On 16-05-30 05:35 PM, Russell King - ARM Linux wrote: > So, the gdb verisons I have here seem to be particularly poor - but with > some modifications, I can test out on iMX6 by forcing gdb to do the right > thing - by inserting a couple of "mov r0, r0" instructions after the > "break_here" label. I see that problem too with older versions, bisecting shows it has been fixed in commit 6e22494e5076 Do not skip prologue for asm (.S) files in gdb, which is included in gdb 7.10 and up. > With that, on a single CPU, it seems to work correctly every time, but > if I bring up a secondary CPU I start seeing the same problems you've > reported - which seems to need the following patch to solve. Please can > you check whether this resolves your problem? Yes that fixes the problem, the test case succeeds every time.

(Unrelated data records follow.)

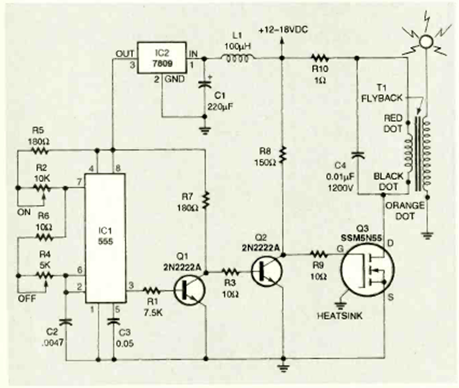 Esta bobina de Tesla fue encontrada en la edición de noviembre de 1994 de la revista Electronics Now. T1 es un transformador flyback de TV, pero también se puede utilizar una bobina de encendido de automóvil.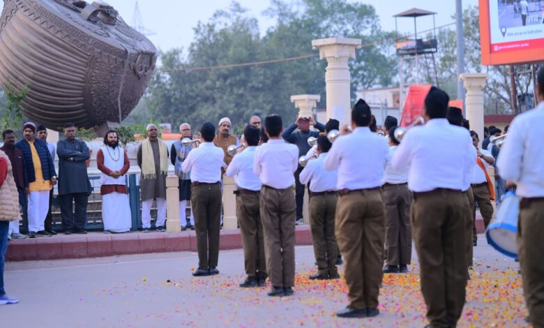 Ayodhya-संघ के स्वयंसेवकों ने शृंग अभ्यास एवं संचलन किया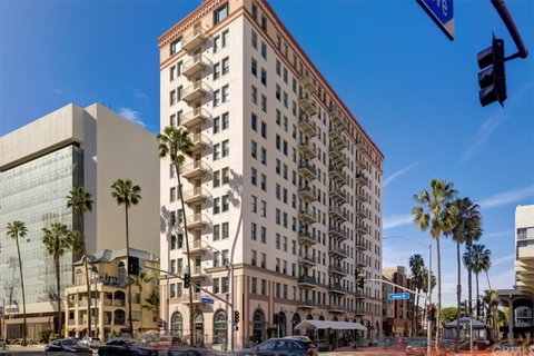 Deluxe Ocean View condo in the historic Cooper Arms building in the East Village Arts District. Light-filled large corner unit with over $150,000 of recent upgrades, a private balcony with stunning ocean, downtown, and mountain views. Custom built kitchen with modern European cabinets, Viking appliances and Concrete countertops. Bedroom features wood floors and plenty of storage. Luxurious bathroom with oversized stand up shower, new vanity and beautiful tile work. High Walk Score of 97 – close proximity to the beach, restaurants, coffee shops, groceries, shops, transportation, entertainment, and more! This is truly Downtown living at its finest – don’t miss out on this incredible opportunity.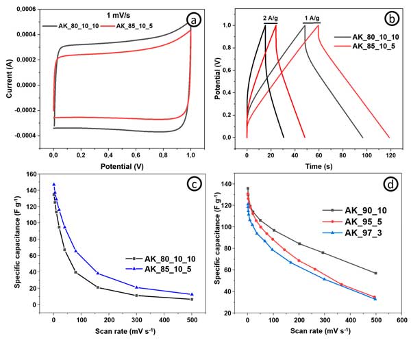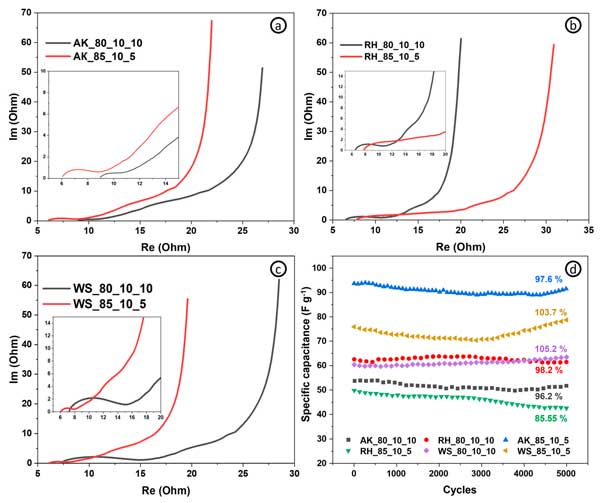 活性炭電極表現(xiàn)出比常規(guī)樣品更好的比電容和能量密度(相同功率密度下的最大能量密度為4.8vs.4.4Wh/kg-1),因為有更多的活性材料,而電阻、倍率能力(圖3c)和功率密度—這取決于電極的導(dǎo)電能力(基于導(dǎo)電添加劑含量)。圖3d顯示了具有不同活性炭和碳納米管含量的電極在不同掃描速率下的比電容。碳納米管含量為10%的電極在1mV/s-1下實現(xiàn)了137F/g-1的最高比電容。從圖中可以清楚地看出,就比電容而言,活性炭和碳納米管的最佳比例為90:10。綜上所述,我們可以得出這樣的結(jié)論:對于超級電容器的自支撐電極,活性成分、結(jié)合成分和導(dǎo)電成分的最佳比例為85:10:5。可以進一步評估具有這種含有源自其他生物前體的活性材料的組合物的電極的電化學(xué)性能。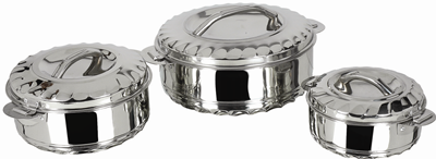 DESCRIPTION: Flora Hot Pot (3 Pcs. Set) Combination : 1000, 1500, 2500 ml (3 Pcs. Set) 1500, 2500, 3500 ml (3 Pcs. Set) 2500, 3500, 5000 ml (3 Pcs. Set) 3500, 5000, 7500 ml (3 Pcs. Set) 5000, 7500, 10000 ml (3 Pcs. Set) 3500, 5000, 7500, 10000 ml(4 Pcs. Set)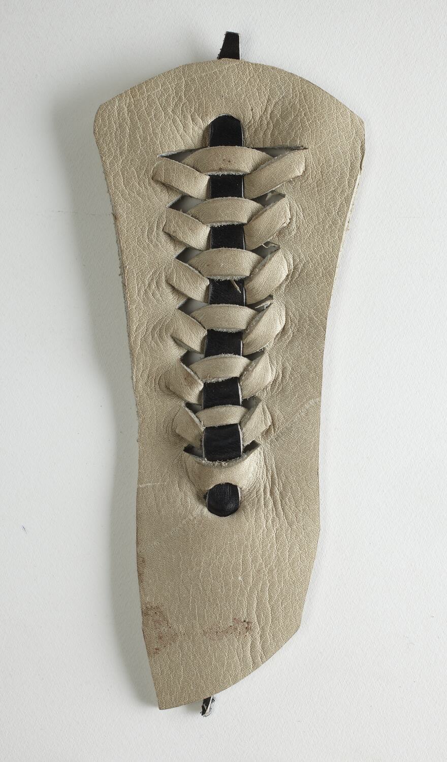 Small cream/tan leather piece with a dark brown leather strap interwoven within and against its central woven pattern line. The oblong/rectangular cream/tan leather piece has thirteen horizontal slits, whereby each leather strap overlaps its partner and the thin brown leather manoeuvers in an under/over fashion to plat this overlaping format. At the beginning and end of this central weave form are three slices (one at the top and two at the bottom) where the brown leather strap is held to begin and end its journey with a small section of the brown leather extending beyond the central cream/tan leather piece . The leather appears supple but in the lower left area, the leather exhibits signs of staining whilst a diagonal line, a mark or possible scratch runs from the left lower midway point ascending to the right edges midway section. While the leather's front side appears smooth, the reverse side exhibits the skin's natural fibres.

I have stared at those lines in ptrace.c for some time, but couldn't find the problem. Thanks for looking into it!
On Wed, Jun 01, 2016 at 08:54:05AM -0400, Simon Marchi wrote: > On 16-05-30 05:35 PM, Russell King - ARM Linux wrote: > > So, the gdb verisons I have here seem to be particularly poor - but with > > some modifications, I can test out on iMX6 by forcing gdb to do the right > > thing - by inserting a couple of "mov r0, r0" instructions after the > > "break_here" label. > > I see that problem too with older versions, bisecting shows it has been fixed > in commit > > 6e22494e5076 Do not skip prologue for asm (.S) files > > in gdb, which is included in gdb 7.10 and up. > > > With that, on a single CPU, it seems to work correctly every time, but > > if I bring up a secondary CPU I start seeing the same problems you've > > reported - which seems to need the following patch to solve. Please can > > you check whether this resolves your problem? > > Yes that fixes the problem, the test case succeeds every time. I have stared > at those lines in ptrace.c for some time, but couldn't find the problem. Thanks > for looking into it! Hi, can I add a: Tested-by: Simon Marchi <simon.marchi@ericsson.com> tag to the commit please? Many thanks.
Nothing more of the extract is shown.